[Opening Recorded data section]

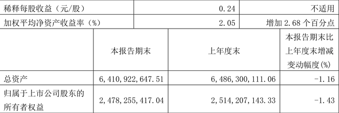 数据显示,2024年第一季度公司加权平均净资产收益率为2.05%,较上年同期增长2.68个百分点;公司2024年第一季度投入资本回报率为1.17%,较上年同期增长1.43个百分点。
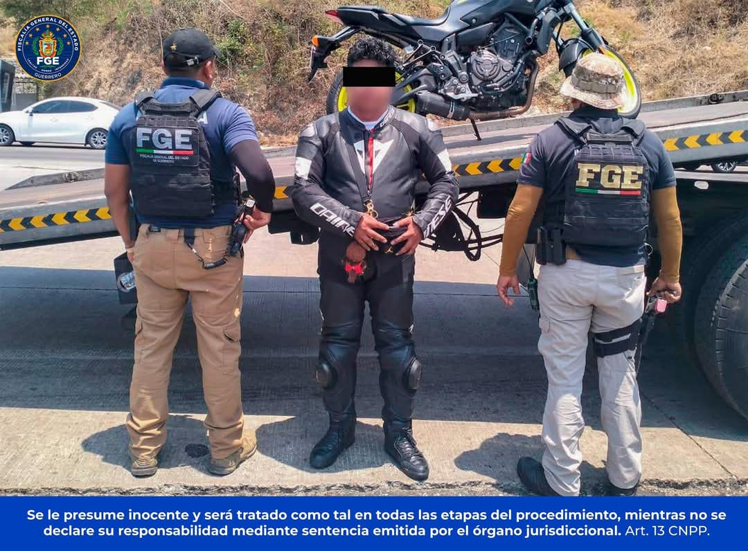 Chilpancingo, Gro., a 17 de mayo de 2025.— La Fiscalía General del Estado de Guerrero (FGE Guerrero) informa que, en el marco del operativo “Acamoto 2025”, fue detenido en flagrancia un masculino identificado como Edgar “N”, en posesión de una motocicleta con reporte de robo vigente, en el municipio de Acapulco de Juárez.
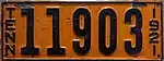 1921 | Embossed black serial on orange plate with border line; vertical "TENN" and "1921" at left at right respectively | 12345 | 1 to approximately 94000 | |
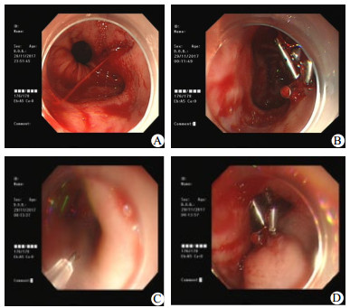 A:急诊胃镜发现贲门黏膜撕裂合并活动性出血点;B:钛夹夹闭出血点成功止血;C:出血点下方黏膜下注射硬化剂聚桂醇; D:黏膜下注射聚桂醇后巩固止血效果 图 1 患者急诊胃镜结果
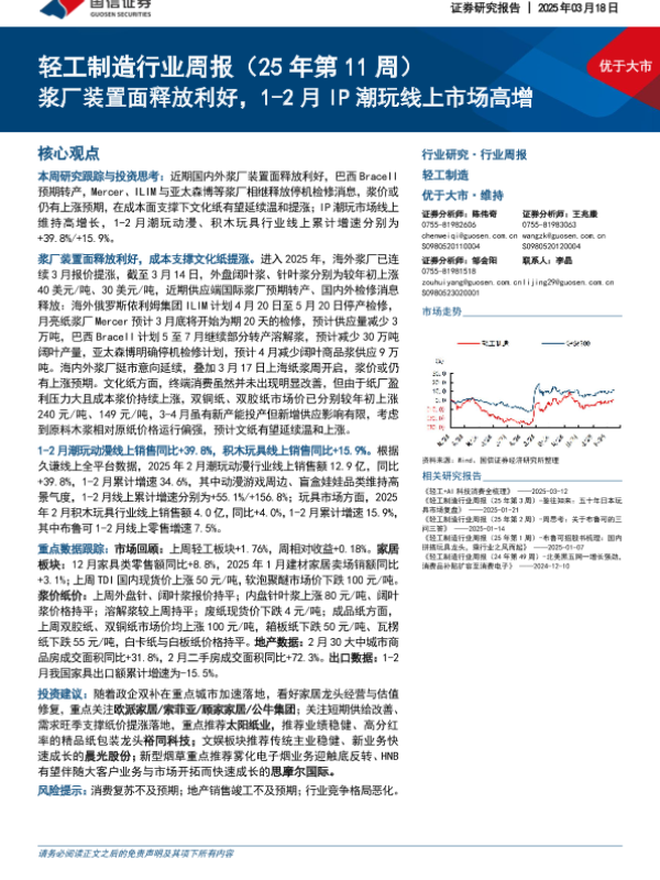 【国信证券】【20250318】20250318-国信证券-轻工制造行业周报(25年第11周):浆厂装置面释放利好,1-2月IP潮玩线上市场高增-19页 行业研究
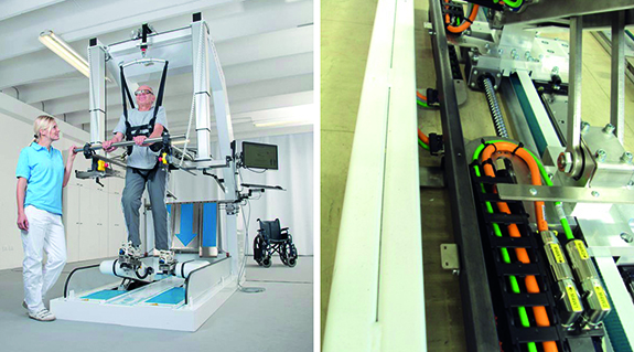 Der Therapie-Roboter hilft Patienten nach einer OP, wieder laufen zu lernen. e-ketten und chainflex Leitungen ermöglichen hier geringste Bauhöhen und Biegeradien.
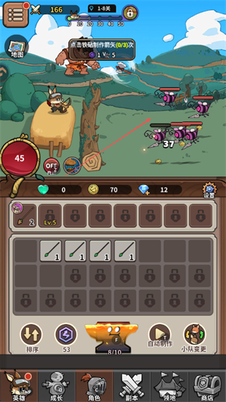 4、使用制作的箭矢攻击敌人,获取金币等奖励,推进关卡进程。
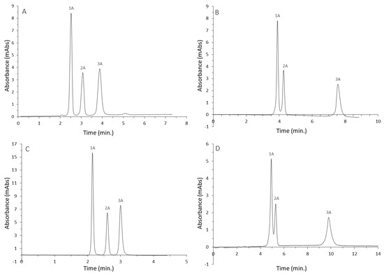 Separation of purine alkaloid in pure water on a series of chromatography columns: (A)—Diol-P-C10, (B)—Diol-P-C18, (C)—Diol-P-benzyl, (D)—Diol-P-chol, compounds: 1A—theophylline, 2A—theobromine, 3A—caffeine.
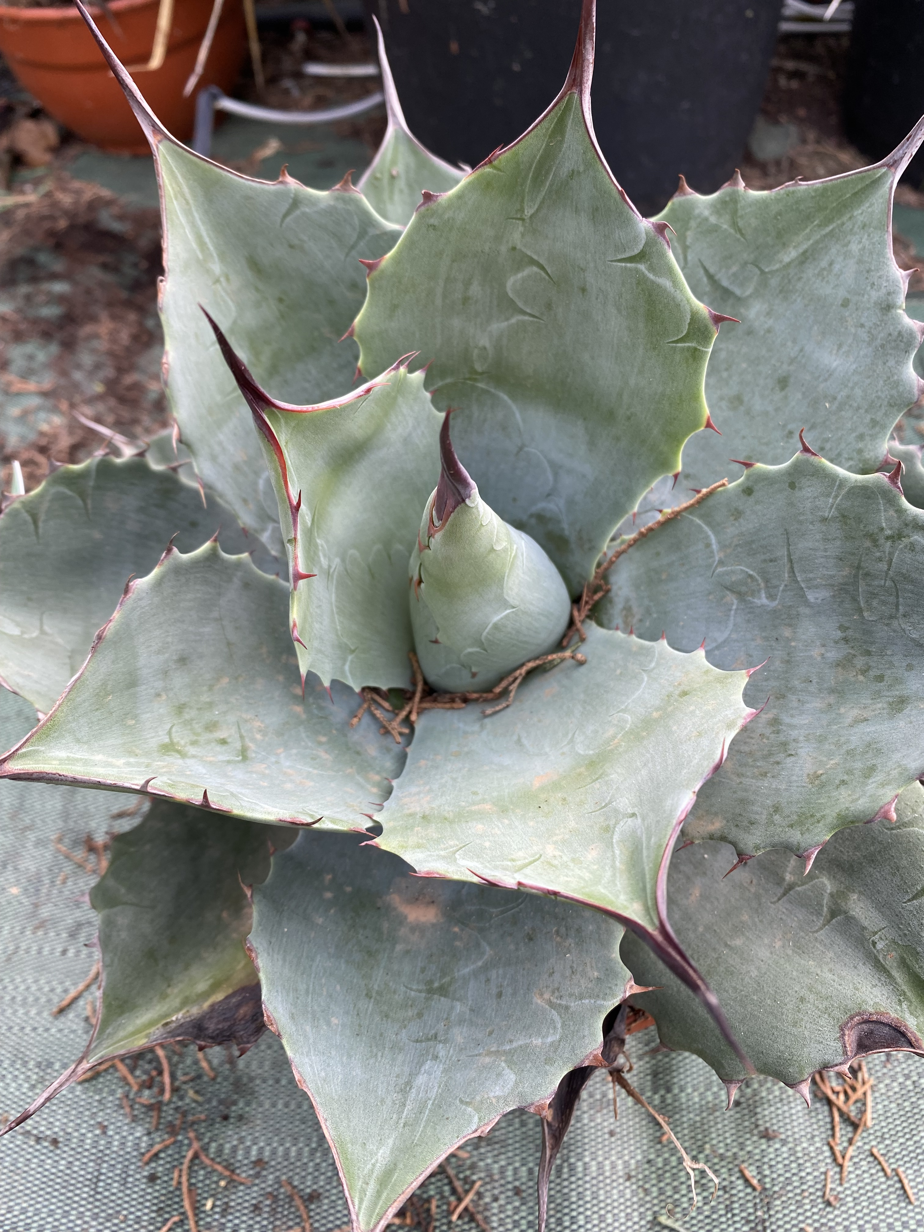 Nom botanique : Agave ‘Blue Brian’ (agave hybride décoratif, agave de collection, Asparagaceae, Agavoideae)
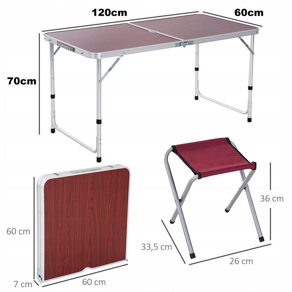 Складний стіл для пікніка 4 стільця, 120х70х60см, Коричневий / Туристичний стіл розкладний / Стіл для кемпінгу
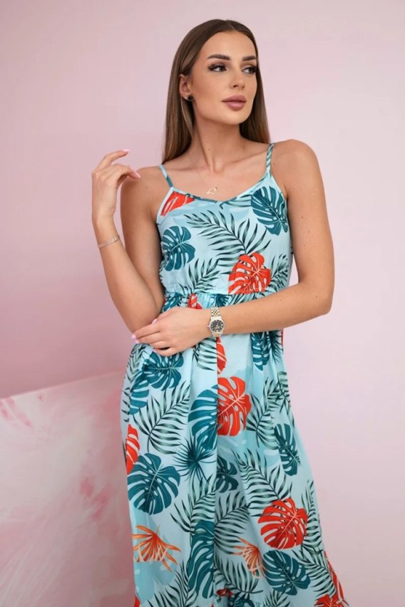 Sukienka z motywem liści miętowa
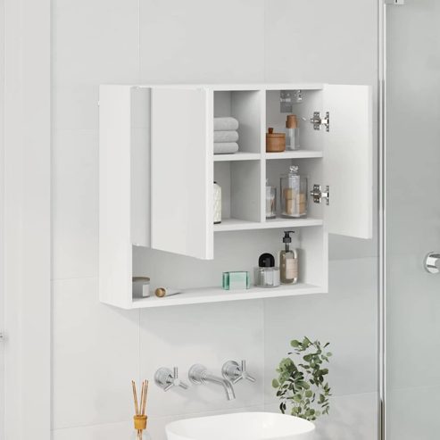 vidaXL Spiegelschrank mit Regal Weiß 59 x 17 x 55 cm Holzwerkstoff
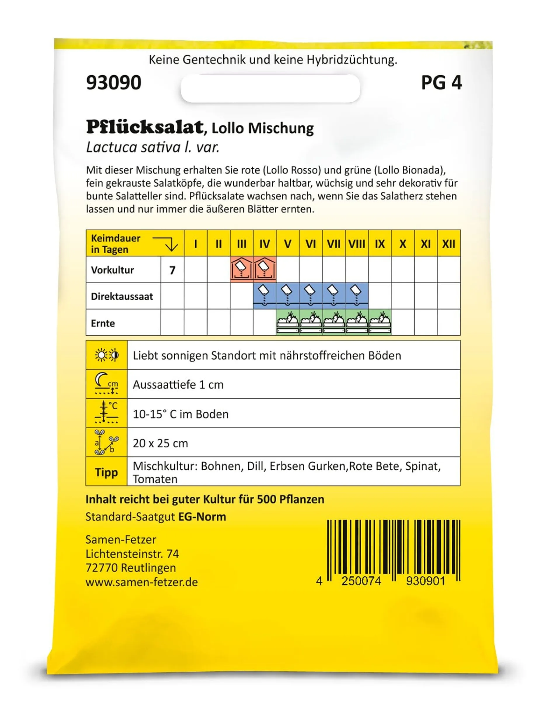 Robuste Pflücksalatsorte mit roten, gekrausten, knackigen Blättern. Sehr gesund und vitaminreich und für den ganzjährigen Anbau geeignet. Bleibt das Herz der Pflanze stehen, kann fortlaufend nachgeerntet werden.
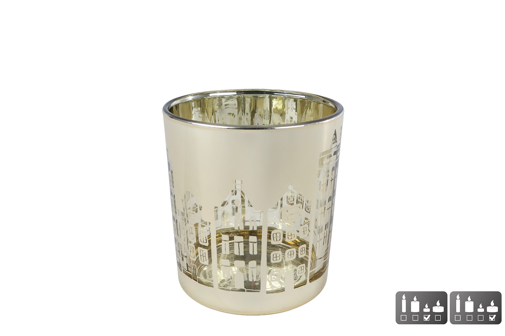 Theelichthouder goudkleurig met huisjes motief
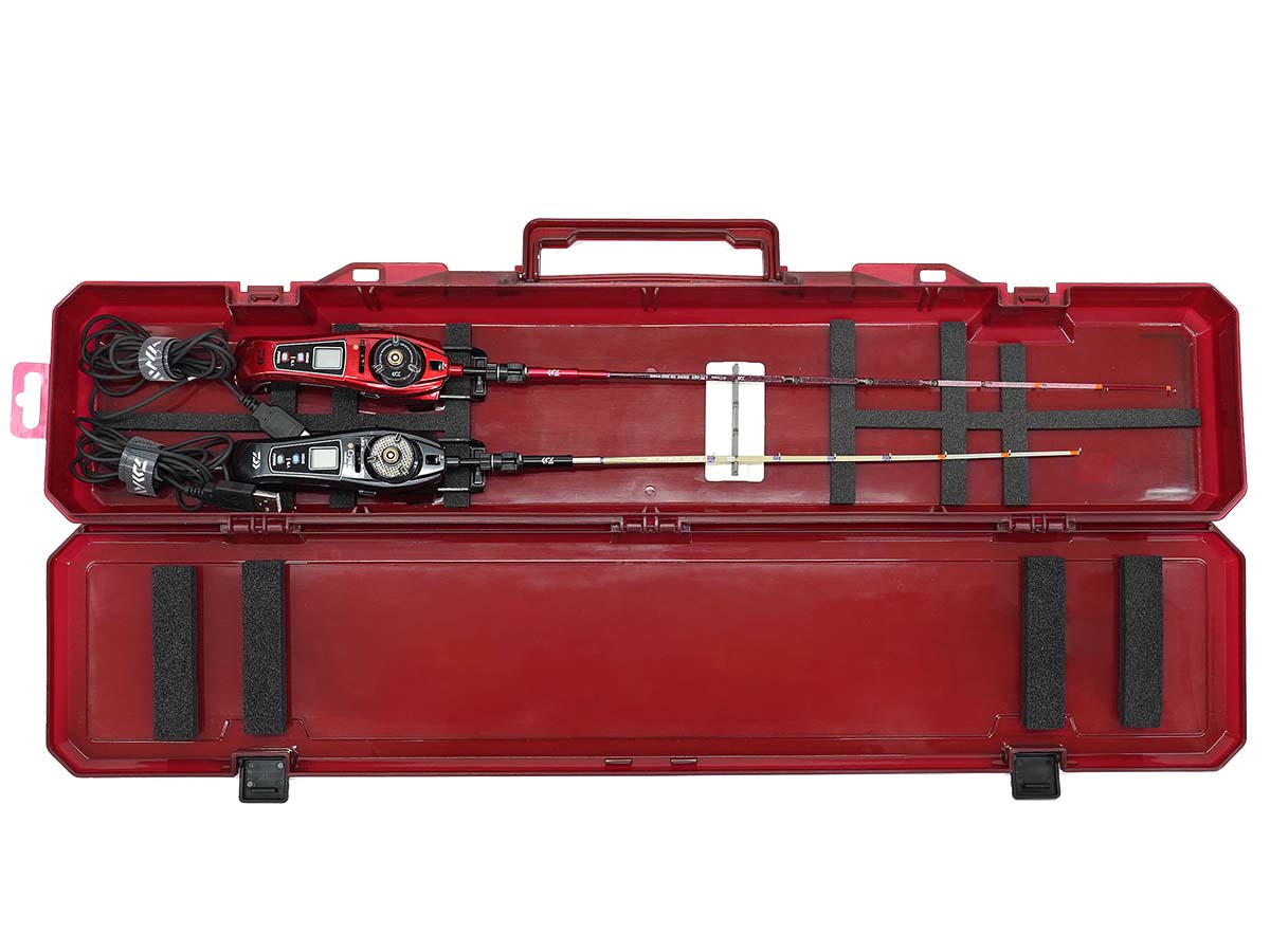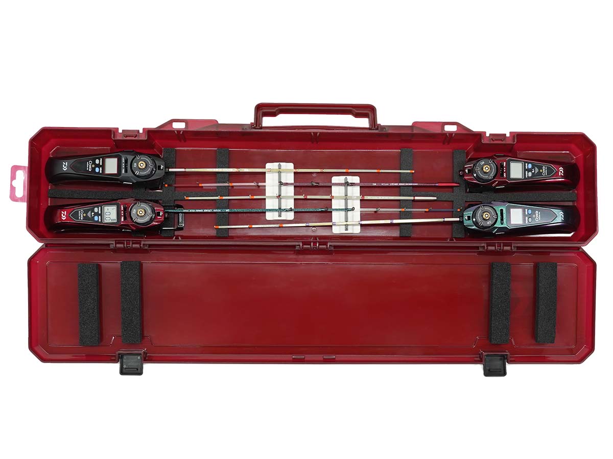 ワカサギ電動リールを最大4台収納可能。外部電源用コードもすっきり収納できるワカサギタックルケース。

[Closing Recorded data section]

= What is required =
Repeat the lines above, starting at the first and stopping after the line that holds "4、使用制作的箭矢攻击敌人,获取金币等奖励,推进关卡进程。", with the pictures left out.

= Solution to this problem =
 数据显示,2024年第一季度公司加权平均净资产收益率为2.05%,较上年同期增长2.68个百分点;公司2024年第一季度投入资本回报率为1.17%,较上年同期增长1.43个百分点。
 Chilpancingo, Gro., a 17 de mayo de 2025.— La Fiscalía General del Estado de Guerrero (FGE Guerrero) informa que, en el marco del operativo “Acamoto 2025”, fue detenido en flagrancia un masculino identificado como Edgar “N”, en posesión de una motocicleta con reporte de robo vigente, en el municipio de Acapulco de Juárez.
 1921 | Embossed black serial on orange plate with border line; vertical "TENN" and "1921" at left at right respectively | 12345 | 1 to approximately 94000 | |
 A:急诊胃镜发现贲门黏膜撕裂合并活动性出血点;B:钛夹夹闭出血点成功止血;C:出血点下方黏膜下注射硬化剂聚桂醇; D:黏膜下注射聚桂醇后巩固止血效果 图 1 患者急诊胃镜结果
 【国信证券】【20250318】20250318-国信证券-轻工制造行业周报(25年第11周):浆厂装置面释放利好,1-2月IP潮玩线上市场高增-19页 行业研究
 Der Therapie-Roboter hilft Patienten nach einer OP, wieder laufen zu lernen. e-ketten und chainflex Leitungen ermöglichen hier geringste Bauhöhen und Biegeradien.
 4、使用制作的箭矢攻击敌人,获取金币等奖励,推进关卡进程。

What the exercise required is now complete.